Skip to main content

MICO: Mutual Information and Conic Optimization for feature selection.

Project description

MICO: Mutual Information and Conic Optimization for feature selection

MICO is a Python package that implements a conic optimization based feature selection method with mutual information (MI) measure. The idea behind the approach is to measure the features’relevance and redundancy using MI, and then formulate a feature selection problem as a pure-binary quadratic optimization problem, which can be heuristically solved by an efficient randomization algorithm via semidefinite programming.
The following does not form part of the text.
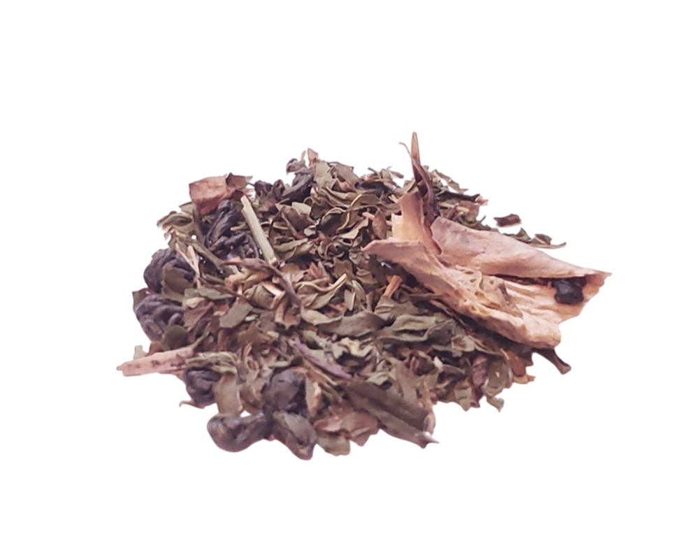 Green tea, peppermint, spearmint, lime pieces.

Optimization software Colin is used for solving the underlying conic optimization problems.

This package

  • implements three methods for feature selections:

    • MICO : Conic Optimization approach

    • MIFS : Forward Selection approach

    • MIBS : Backward Selection approach

  • supports three different MI measures:

    • JMI : Joint Mutual Information

    • JMIM : Joint Mutual Information Maximisation

    • MRMR : Max-Relevance Min-Redundancy

  • generates feature importance scores for all selected features.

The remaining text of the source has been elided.